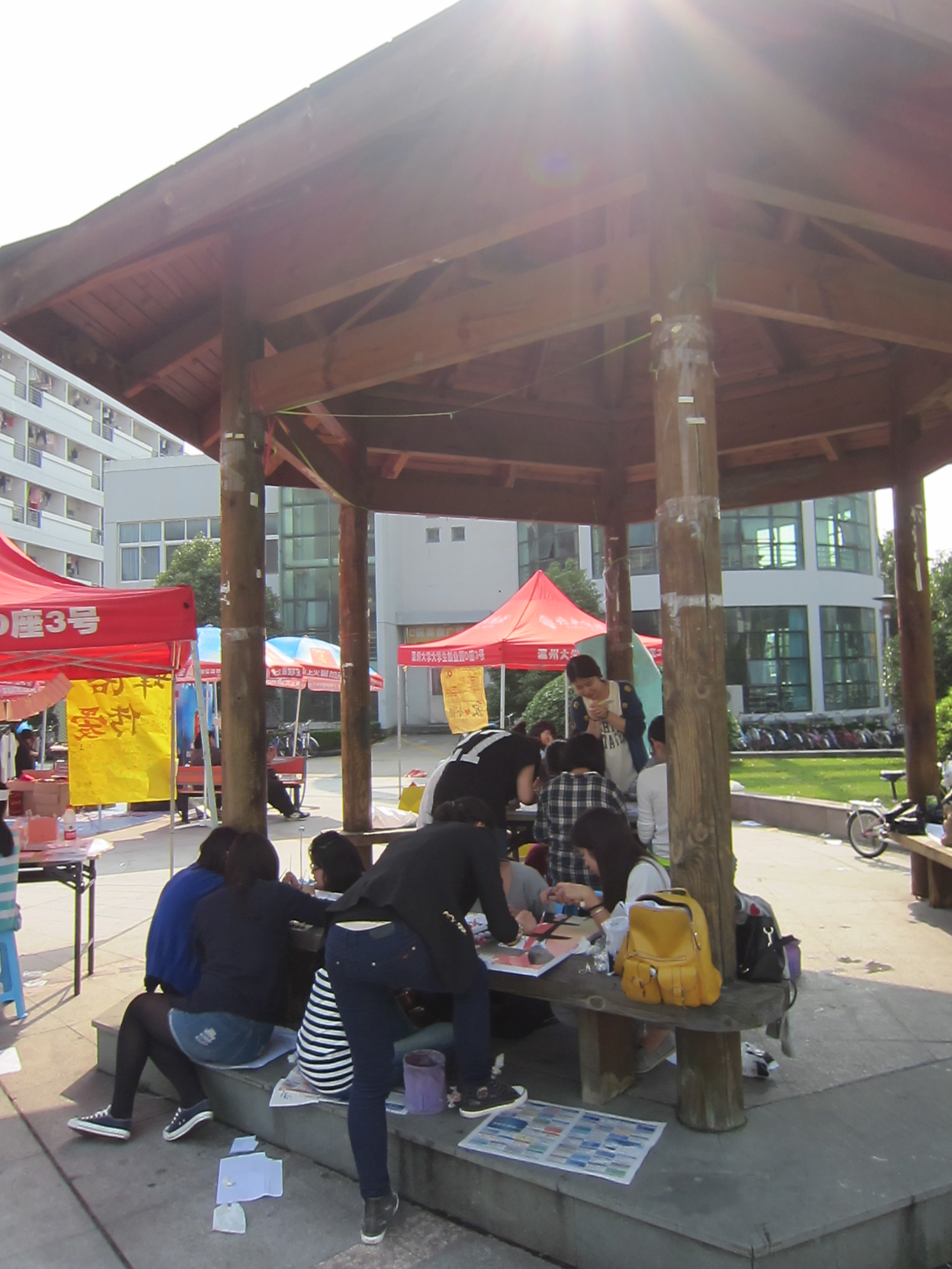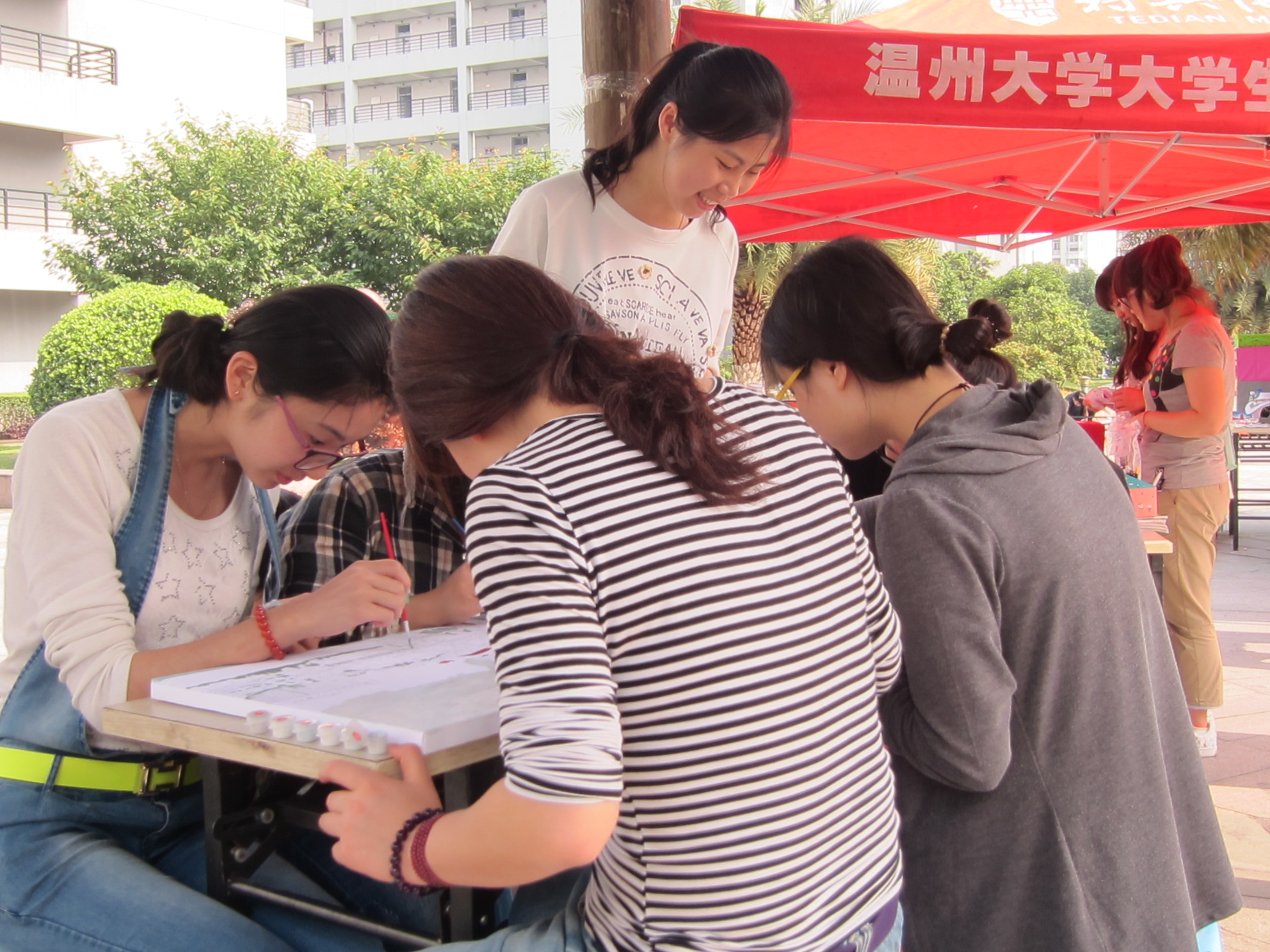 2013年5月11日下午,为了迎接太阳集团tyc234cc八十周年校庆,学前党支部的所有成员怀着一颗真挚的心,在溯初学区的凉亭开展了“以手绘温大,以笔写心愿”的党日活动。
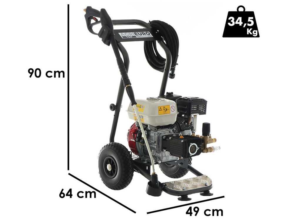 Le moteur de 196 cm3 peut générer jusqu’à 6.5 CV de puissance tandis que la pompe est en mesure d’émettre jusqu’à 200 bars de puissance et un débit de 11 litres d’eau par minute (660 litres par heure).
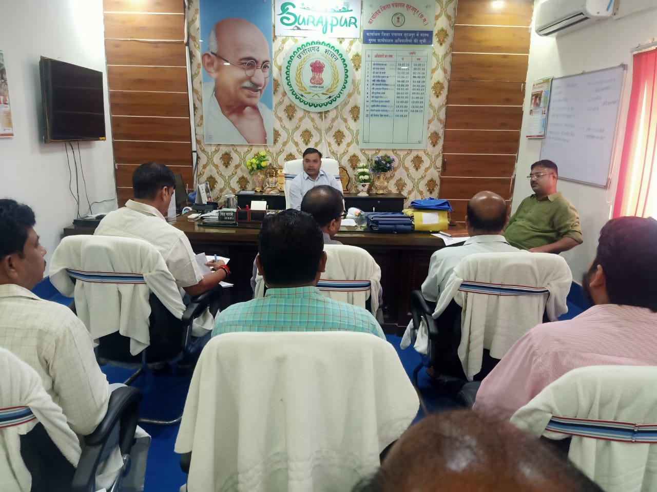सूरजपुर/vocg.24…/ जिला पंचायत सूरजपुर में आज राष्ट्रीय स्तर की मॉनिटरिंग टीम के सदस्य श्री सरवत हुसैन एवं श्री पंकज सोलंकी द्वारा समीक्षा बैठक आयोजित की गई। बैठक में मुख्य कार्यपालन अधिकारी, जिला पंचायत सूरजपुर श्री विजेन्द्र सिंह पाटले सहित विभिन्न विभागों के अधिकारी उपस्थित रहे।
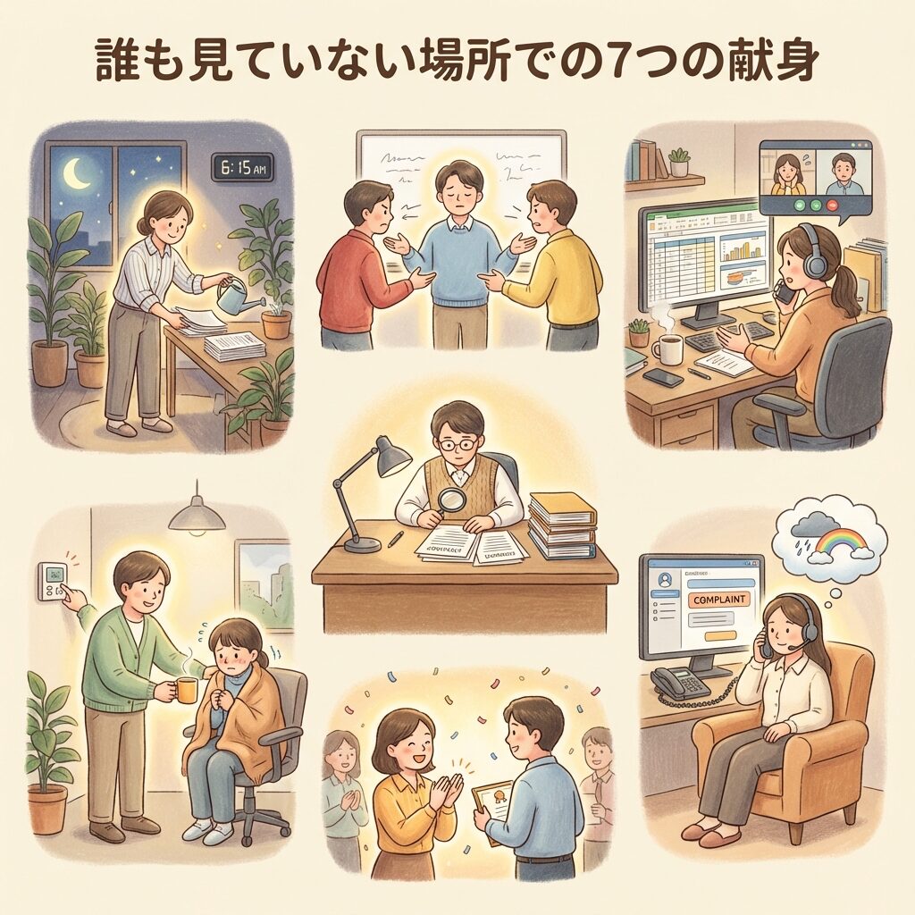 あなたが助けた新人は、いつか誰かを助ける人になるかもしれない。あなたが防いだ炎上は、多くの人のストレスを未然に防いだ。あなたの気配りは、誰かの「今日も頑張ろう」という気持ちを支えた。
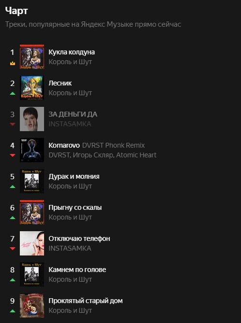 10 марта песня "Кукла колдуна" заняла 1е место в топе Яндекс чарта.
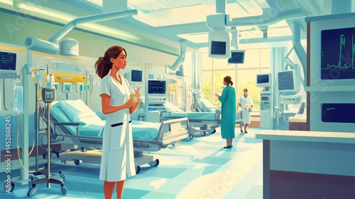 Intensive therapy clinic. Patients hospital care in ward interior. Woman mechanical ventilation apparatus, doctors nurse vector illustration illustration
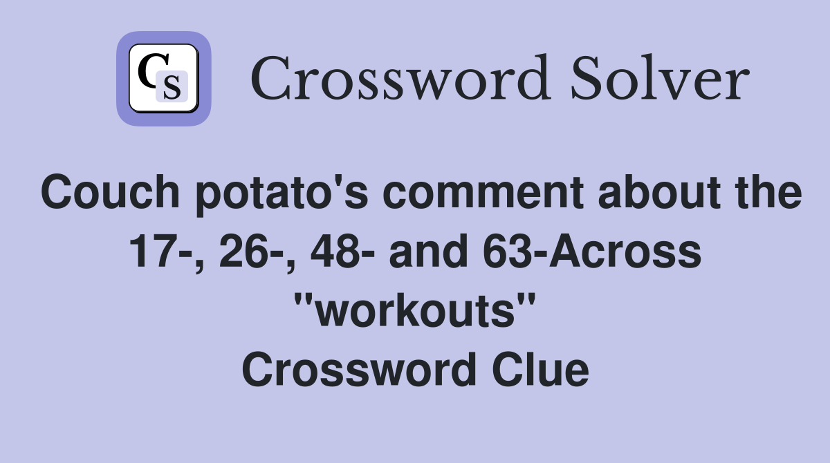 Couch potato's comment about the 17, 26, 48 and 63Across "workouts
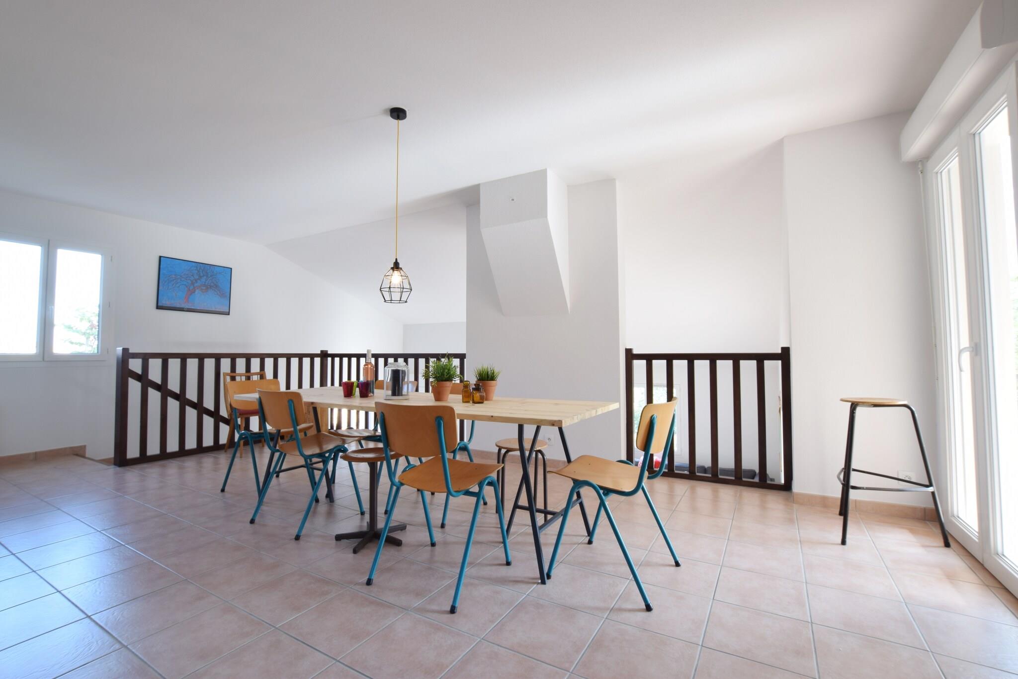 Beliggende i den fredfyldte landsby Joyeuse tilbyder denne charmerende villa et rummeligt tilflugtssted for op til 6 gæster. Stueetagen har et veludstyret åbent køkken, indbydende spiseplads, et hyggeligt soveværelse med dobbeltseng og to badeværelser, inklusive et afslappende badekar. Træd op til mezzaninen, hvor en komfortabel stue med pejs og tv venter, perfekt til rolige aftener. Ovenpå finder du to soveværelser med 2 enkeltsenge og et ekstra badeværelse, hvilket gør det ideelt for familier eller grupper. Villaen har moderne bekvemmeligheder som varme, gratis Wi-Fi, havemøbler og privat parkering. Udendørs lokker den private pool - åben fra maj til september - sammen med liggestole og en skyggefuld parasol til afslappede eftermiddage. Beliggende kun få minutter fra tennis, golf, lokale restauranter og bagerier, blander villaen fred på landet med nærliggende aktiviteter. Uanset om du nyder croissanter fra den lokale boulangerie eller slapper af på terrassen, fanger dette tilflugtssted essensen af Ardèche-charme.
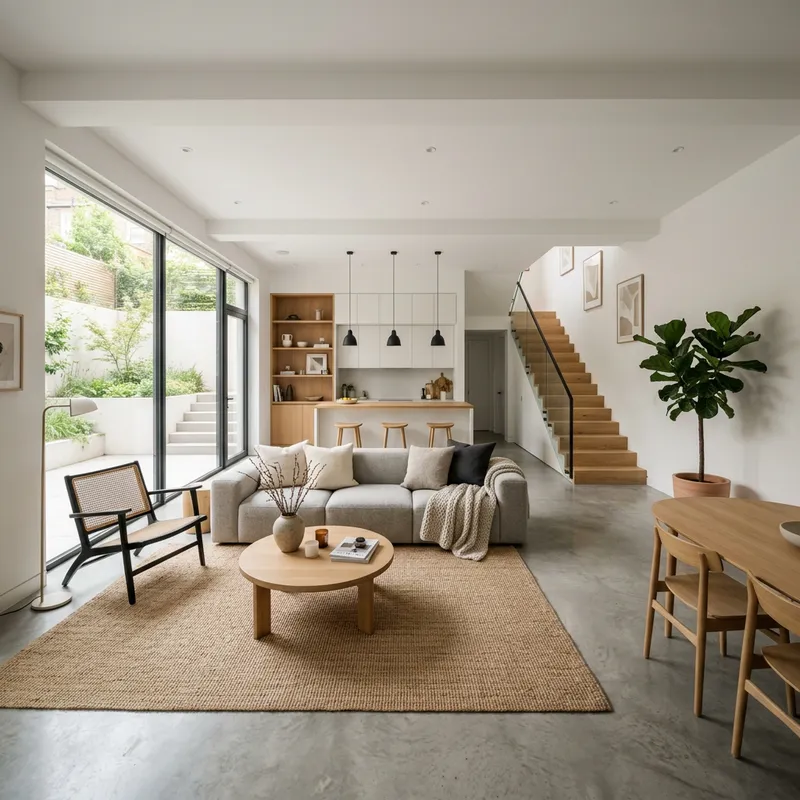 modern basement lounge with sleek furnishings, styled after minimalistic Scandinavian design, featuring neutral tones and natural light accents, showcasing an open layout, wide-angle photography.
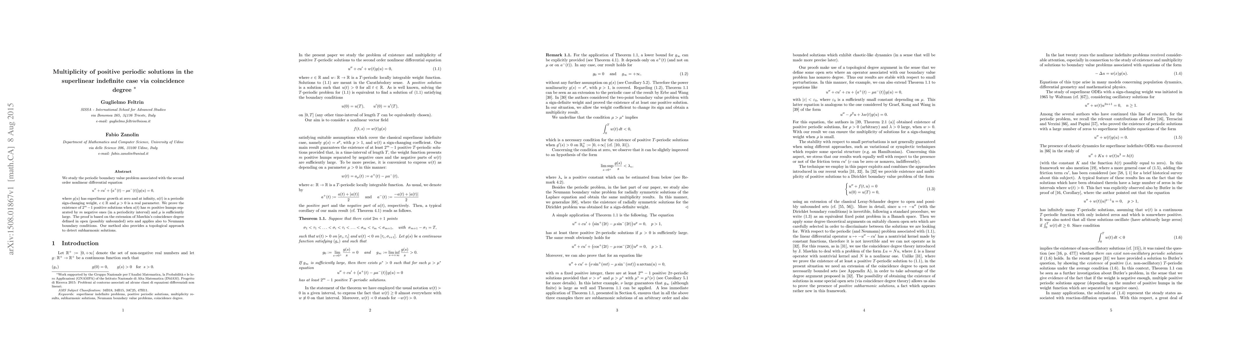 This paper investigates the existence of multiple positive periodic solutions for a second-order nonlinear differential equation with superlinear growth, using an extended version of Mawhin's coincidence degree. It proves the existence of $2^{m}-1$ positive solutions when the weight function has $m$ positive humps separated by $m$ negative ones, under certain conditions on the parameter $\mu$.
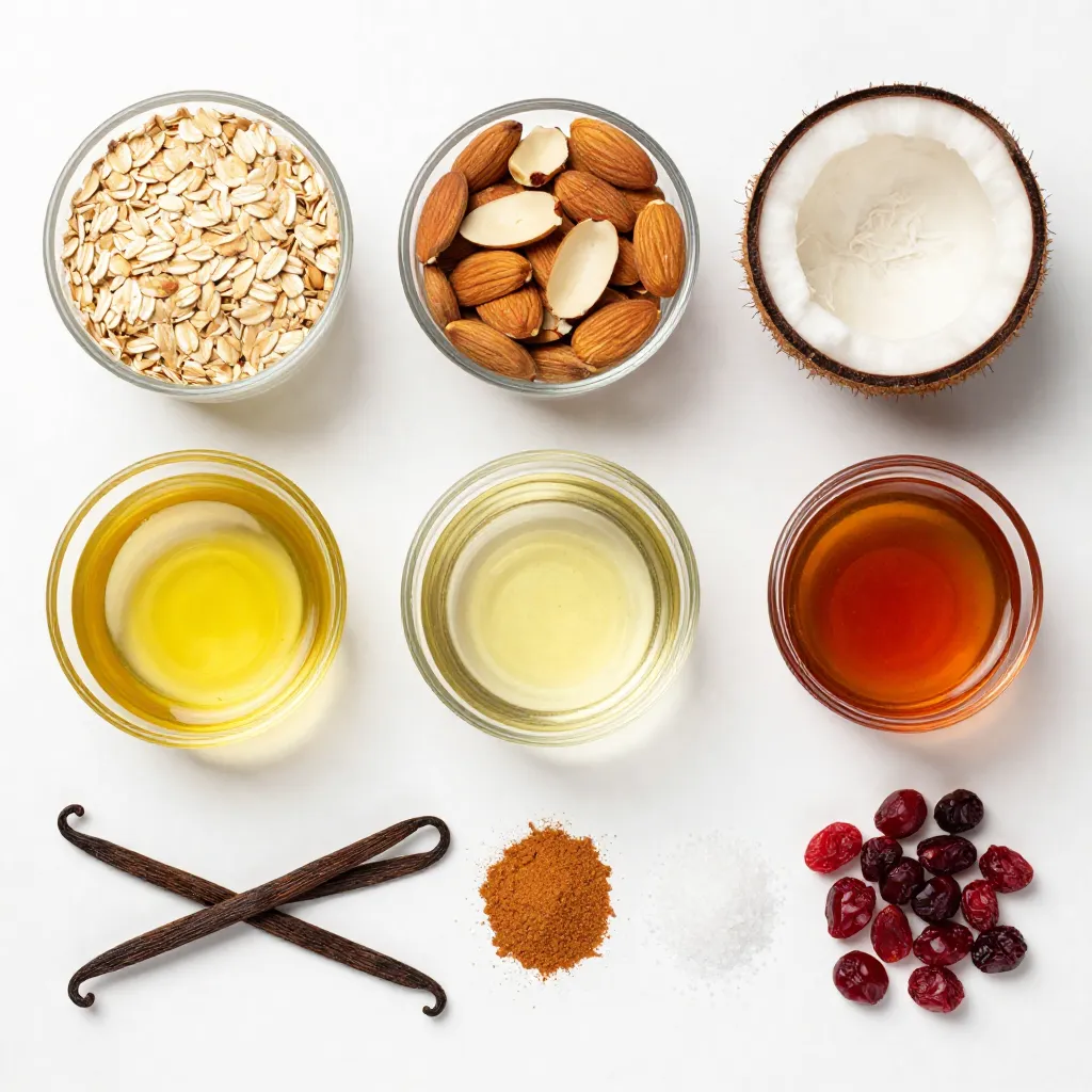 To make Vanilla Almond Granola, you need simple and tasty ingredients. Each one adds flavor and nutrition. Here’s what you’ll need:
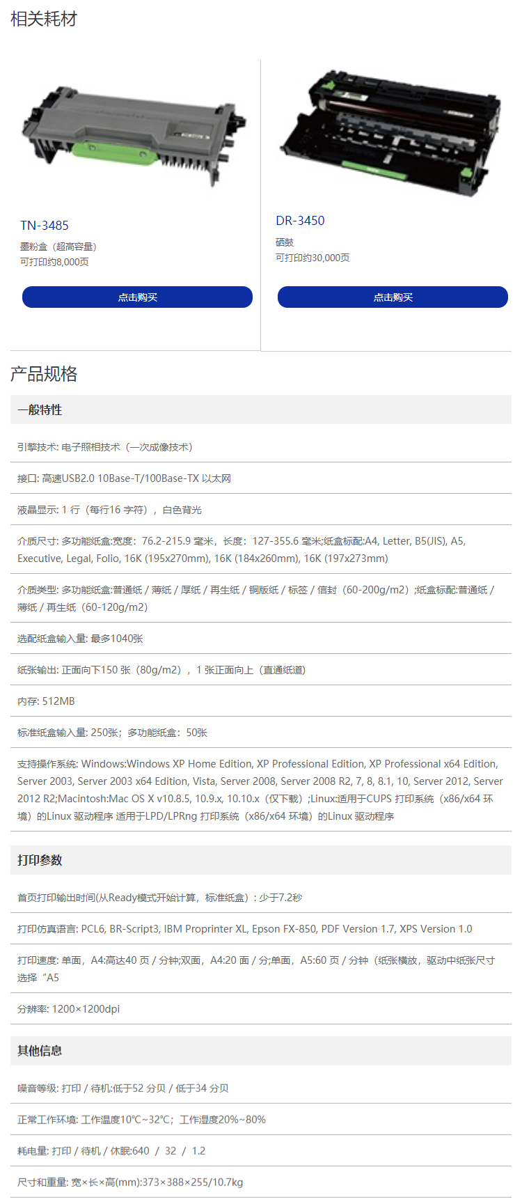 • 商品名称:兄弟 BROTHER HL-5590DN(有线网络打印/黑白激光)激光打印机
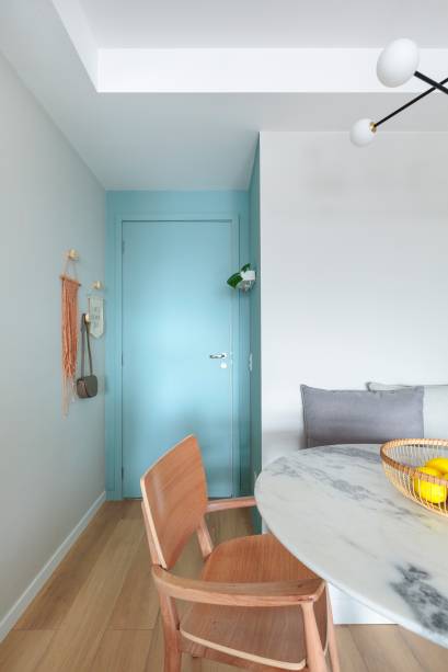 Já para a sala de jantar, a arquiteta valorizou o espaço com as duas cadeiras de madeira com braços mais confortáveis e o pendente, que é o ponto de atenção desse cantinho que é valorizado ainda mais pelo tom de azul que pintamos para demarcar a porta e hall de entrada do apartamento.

-=-=-=-=-

## [WHAT THE TASK REQUIRES]
Please reproduce the material above word for word, without its images.

## [ANSWER TO THE PROBLEM]
 2013年5月11日下午,为了迎接太阳集团tyc234cc八十周年校庆,学前党支部的所有成员怀着一颗真挚的心,在溯初学区的凉亭开展了“以手绘温大,以笔写心愿”的党日活动。
 Le moteur de 196 cm3 peut générer jusqu’à 6.5 CV de puissance tandis que la pompe est en mesure d’émettre jusqu’à 200 bars de puissance et un débit de 11 litres d’eau par minute (660 litres par heure).
सूरजपुर/vocg.24…/ जिला पंचायत सूरजपुर में आज राष्ट्रीय स्तर की मॉनिटरिंग टीम के सदस्य श्री सरवत हुसैन एवं श्री पंकज सोलंकी द्वारा समीक्षा बैठक आयोजित की गई। बैठक में मुख्य कार्यपालन अधिकारी, जिला पंचायत सूरजपुर श्री विजेन्द्र सिंह पाटले सहित विभिन्न विभागों के अधिकारी उपस्थित रहे।
 あなたが助けた新人は、いつか誰かを助ける人になるかもしれない。あなたが防いだ炎上は、多くの人のストレスを未然に防いだ。あなたの気配りは、誰かの「今日も頑張ろう」という気持ちを支えた。
 10 марта песня "Кукла колдуна" заняла 1е место в топе Яндекс чарта.
 Intensive therapy clinic. Patients hospital care in ward interior. Woman mechanical ventilation apparatus, doctors nurse vector illustration illustration
 Couch potato's comment about the 17, 26, 48 and 63Across "workouts
 Beliggende i den fredfyldte landsby Joyeuse tilbyder denne charmerende villa et rummeligt tilflugtssted for op til 6 gæster. Stueetagen har et veludstyret åbent køkken, indbydende spiseplads, et hyggeligt soveværelse med dobbeltseng og to badeværelser, inklusive et afslappende badekar. Træd op til mezzaninen, hvor en komfortabel stue med pejs og tv venter, perfekt til rolige aftener. Ovenpå finder du to soveværelser med 2 enkeltsenge og et ekstra badeværelse, hvilket gør det ideelt for familier eller grupper. Villaen har moderne bekvemmeligheder som varme, gratis Wi-Fi, havemøbler og privat parkering. Udendørs lokker den private pool - åben fra maj til september - sammen med liggestole og en skyggefuld parasol til afslappede eftermiddage. Beliggende kun få minutter fra tennis, golf, lokale restauranter og bagerier, blander villaen fred på landet med nærliggende aktiviteter. Uanset om du nyder croissanter fra den lokale boulangerie eller slapper af på terrassen, fanger dette tilflugtssted essensen af Ardèche-charme.
 modern basement lounge with sleek furnishings, styled after minimalistic Scandinavian design, featuring neutral tones and natural light accents, showcasing an open layout, wide-angle photography.
 This paper investigates the existence of multiple positive periodic solutions for a second-order nonlinear differential equation with superlinear growth, using an extended version of Mawhin's coincidence degree. It proves the existence of $2^{m}-1$ positive solutions when the weight function has $m$ positive humps separated by $m$ negative ones, under certain conditions on the parameter $\mu$.
 To make Vanilla Almond Granola, you need simple and tasty ingredients. Each one adds flavor and nutrition. Here’s what you’ll need:
 • 商品名称:兄弟 BROTHER HL-5590DN(有线网络打印/黑白激光)激光打印机
 Já para a sala de jantar, a arquiteta valorizou o espaço com as duas cadeiras de madeira com braços mais confortáveis e o pendente, que é o ponto de atenção desse cantinho que é valorizado ainda mais pelo tom de azul que pintamos para demarcar a porta e hall de entrada do apartamento.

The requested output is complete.